# Frage zum nachtangeln am julianakanal



## daviboy (18. Januar 2012)

hallo wollt mal fragen ob einer von euch weiss ob das nachtangeln am julianakanal das ganze jahr erlaubt is hab schon gesucht einer sagt ja der andere nein was ist den jetzt richtig und im heft steht nichts zum nachtangeln julianakanal+ berghafen born
gruss david


----------



## JimmyEight (19. Januar 2012)

*AW: rage zum nachtangeln am julianakanal*

Der Punkt ist neben dem Komma. Das Komma liegt östlich vom M.
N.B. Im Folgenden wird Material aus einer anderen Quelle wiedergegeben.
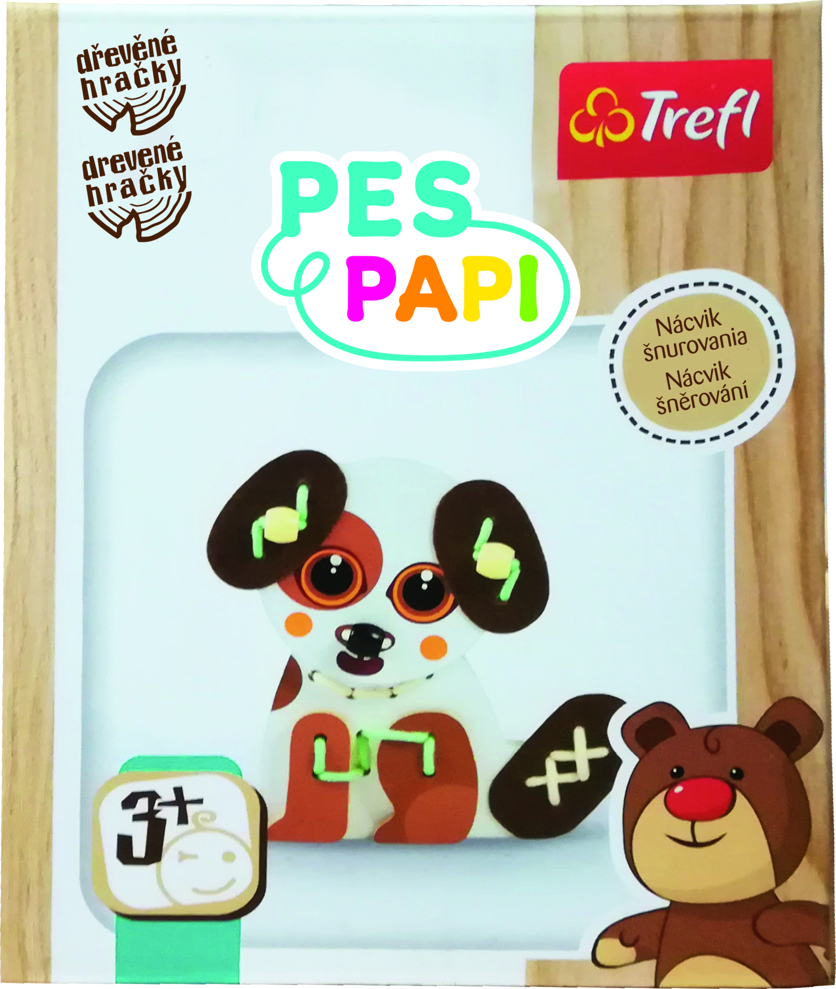 Drevená hračka na nácvik šnurovania, rozmery balenia v mm: 120x150x45 Ideálna pre rozvoj manuálnej zručnosť a precvičovanie trpezlivosti dieťaťa. Hračka rozvíja detské myslenie, kreativitu a jemnú motoriku. Materiály použité pri výrobe hračky majú požadované certifikáty a sú natreté netoxickými farbami. Vhodné pre deti od 3 rokov. Hračky sú navrhnuté tak, aby slúžili deťom vo všetkých fázach ich vývoja. Séria obsahuje celú radu hračiek rôznych kategórií, takže sa v nej nájde niečo pre každého. Predstavujeme vám medvedíka, nášho sprievodcu touto sériou. Je to postavička, ktorá prekonáva priepasť medzi generáciami. Medvedík berie rodičov na sentimentálny výlet do ich detstva, kedy sa hrali s drevenými kockami a ich deti pozýva do pestrofarebného sveta zábavy.
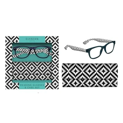 BEAUTIFUL DESIGN: Our stylish glasses case and reading glasses feature a stunning black and white geometric design. The case is designed with a soft interior and comes with a cleaning cloth making it the perfect gift. COMFORTABLE GLASSES: These stylish reading glasses are designed with rubberised frames to provide a comfortable grip and keep them in place, while high-quality sprung hinge arms are used to allow flexibility without breaking. MAKES A GREAT GIFT: This geometric reading glasses and case set makes a beautiful gift. The glasses are available in the standard prescription strengths of +2, +2.5 and +3 so you can choose the correct lens. STYLISH PROTECTION: The glasses case is designed to provide maximum protection for your glasses, and our cases are crafted from durable materials to withstand everyday wear and tear.
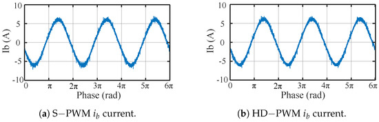 On the other hand, the harmonic performance of the modulation techniques was analysed. For that purpose, each PWM technique’s b-phase current was measured with the Tektronix DPO 7045C digital oscilloscope under the static operation point of = 18 kHz, = 250 V, and = 0.85. To that end, Figure 12 shows the b-phase currents of each modulation and low-order harmonics amplitude are summarised in Table 2. As expected, the S-PWM had the lower THD (1.52%) and in the two techniques, the third harmonic was the most prominent one due to the control loss of the third harmonic subplane. Likewise, the achieved minimum THD was 1.64% for the HD-PWM which, despite being slightly higher, still showed a high performance.
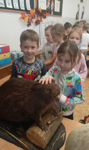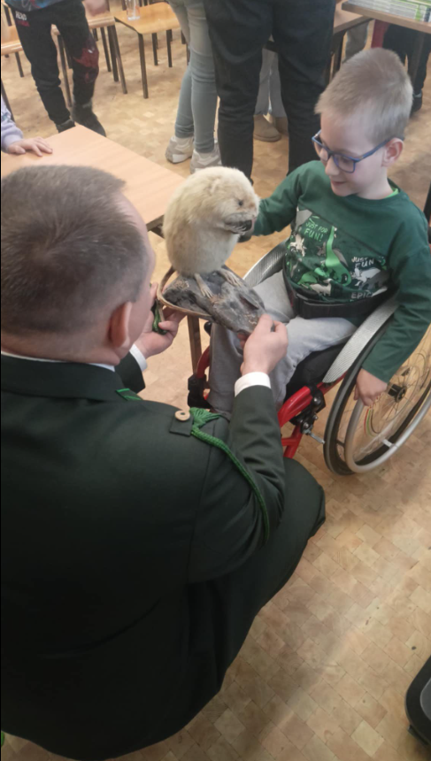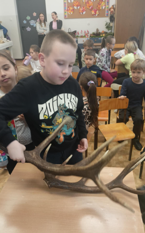 Pan myśliwy przyniósł ze sobą poroża oraz wypchane zwierzęta, dzięki czemu dzieci mogły obejrzeć z bliska różne gatunki.
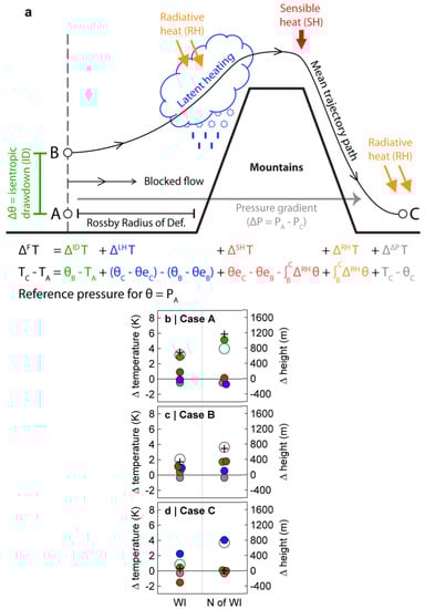 Foehn heating contributions. Panel (a) illustrates the Lagrangian heat-budget model for air passing over a mountain and experiencing the following foehn warming mechanisms: Isentropic drawdown (ΔIDT), latent heating and precipitation (ΔLHT), sensible heating due to mechanical mixing (ΔSHT), and radiative heating (ΔRHT), as well as a pressure-gradient related cooling (ΔΔPT). These contributions sum to a total foehn heating (ΔFT). Panels (b–d) show the foehn heating contributions as a change in temperature (K). The total foehn warming is plotted as a large open circle and the heating contributions are colour coded: Isentropic drawdown (green), latent heating (blue), sensible heating through mixing (red), and pressure-gradient cooling (grey). In these cases, the radiative heating contribution is negligible. Also shown is the cross-mountain descent (+). Six heat-budgets are illustrated, for three cases of foehn in Whirlwind Inlet (WI) and a region north of Whirlwind Inlet (N of WI)—see Figure 1 for locations. (Adapted from Reference [9]).
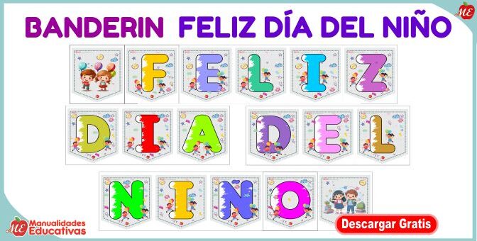 Banderines para formar la frase: “Feliz día del niño” (MAYÚSCULAS)

Gib dir Mühe beim Fragen stellen, dann wird auch gerne geholfen.


----------



## daviboy (19. Januar 2012)

*AW: rage zum nachtangeln am julianakanal*

Was hat Rechtschreibung mit meiner frage zutuen ??? Was ich wissen möchte versteht jeder denke ich !!


----------



## giorgio2111 (19. Januar 2012)

*AW: rage zum nachtangeln am julianakanal*

Hallo daviboy,

schau mal hier nach: http://www.angeln-in-den-niederlanden.de/gesetze.htm#Nachtangeln

In der Ausnahme 1. steht, dass das Nachtangeln u.a. an der Maas, und an anderen fließenden Gewässern, die mit ihnen in offener Verbindung stehen und Wasser von ihnen abführen, erlaubt ist. Da der Julianakanal mit der Maas in offener Verbindung steht und von ihr Wasser abführt, darf man laut Definition auch am Julianakanal das ganze Jahr über nachts angeln. Angaben selbstverständlich ohne Garantie. Wenn Du ganz auf Numemr sicher gehen willst, musst Du wohl oder übel direkt beim Limburgischen Sportfischereiverband nachfragen: http://www.sportvisserijlimburg.nl/limburg/contact/

Gruß
Guido


----------



## daviboy (19. Januar 2012)

*AW: Frage zum nachtangeln am julianakanal*

Okay vielen besten dank :vik:


----------